Symptoms may include:
  • CPU Contention(%) or CPU Ready(%) is high
  • CPU Workload(%) is high, near or over 100%
  • CPU Utilization(%) is high
  • Disk latency is low (storage squatting is not causing the Ready%)
Solutions:
  • Tune gueast OS or application to reduce demand for CPU
  • Move VMs on to other hosts
  • Check DRS is working in the cluster
Problem: VM CPU Costop High

Symptoms may include:
  • Costop(%) is high
    • Costop(%) is like Ready(%), but this time one vCPU runs hot and others  are cold, the skew between hot and cold starts to grow larger
Solutions:
  • Reduce the number of vCPUs in the virtual machine
  • Reduce the number of virtual machines or vCPU on the host or cluster
  • Tune the guest OS or application to better utilize all the vCPU (be aware of single threaded appliations)
Problem: Host Memory Shortage

 Symptoms may include:
  • Contention(%) and/or Swap-In Rate (KBps) is not zero
  • Active(%) is high (this measures how much of the pRAM is actively being used, not just allocated/granted/consumed)
  • Overall Workload(%) is high (This is vCOps which is similar to Active)
Solutions:
  • Tune guest OS or application to reduce demand for memory
  • Move VMs to other hosts
  • Check DRS is working in the cluster
  • Consider reducing the memory in some virtual machines (some applications like databases opportunistically use all the vRAM installed)
Problem: VM Undersized (memory)

 Symptoms may include:
  • Active(%) is near 100%
  • Contention(%) and/or Swap-In Rate (KBps) is zero
  • Inside the guest OS, there is more swapping than usual
  • Host is supplying all the memory that the VM demands of the host, but the VM doesn't have as much vRAM installed as it needs
Solutions:
  • Add vRAM to virtual machine
These are just a few of the more common scenarios, keep in mind that metrics measured in ESXi, vCenter, and vCenter Operations Manager are accurate; but metrics measured in the guest OS are not always accurate.

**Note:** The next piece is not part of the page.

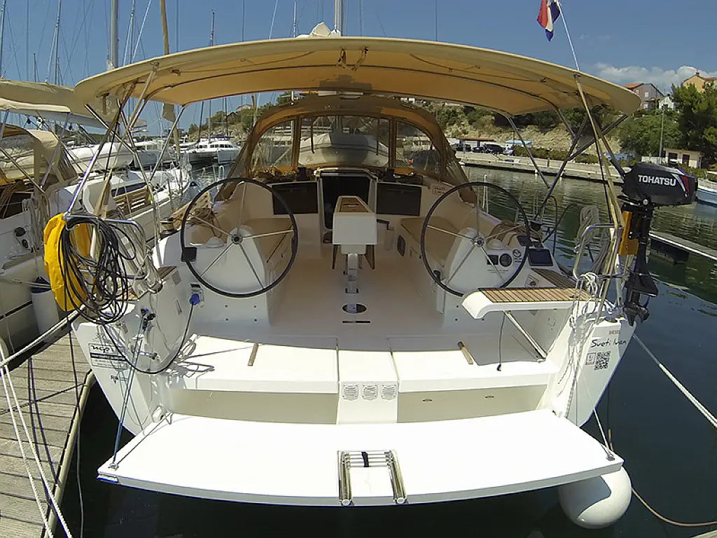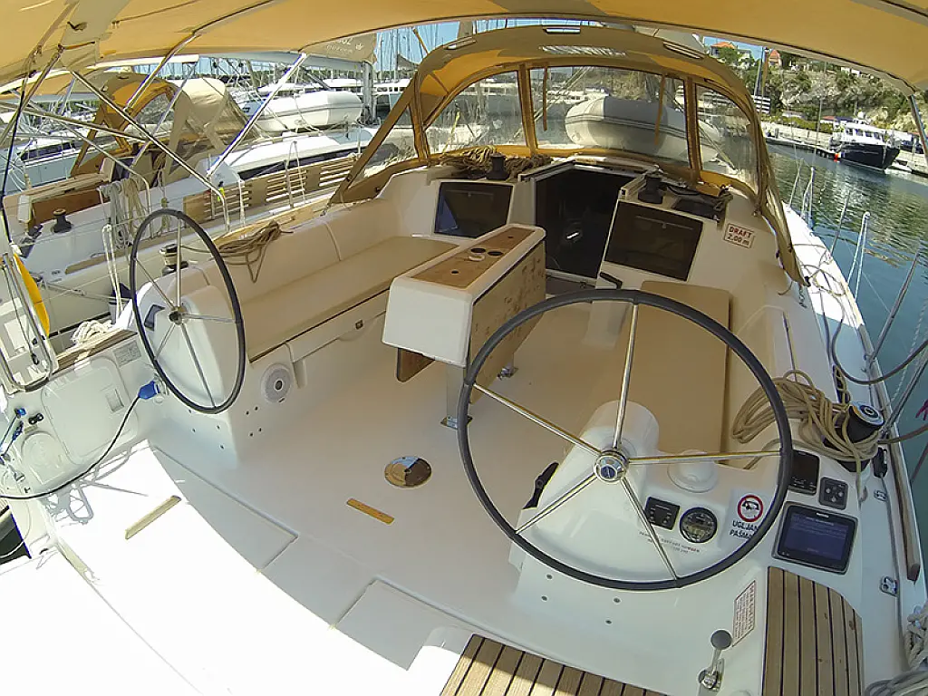 Great Dufour model, huge space inside and in cockpit, 3 large double cabins, 2 large toilets, self tacking jib (optional), small enough for easy handling, big enough for a large company with full comfort.

Timekeeping inside a virtual machine is subject to jitter (time is accurate to within a second not a milisecond).

Metrics that depend on highly accurate time, like CPU utilization, are not reliable. But, sometimes looking at the metrics in the guest operating system are essential, swapping in the guest OS isn't visible outside the operating system.

Don't assume the problem is somewhere else and not your problem, but remember it might be.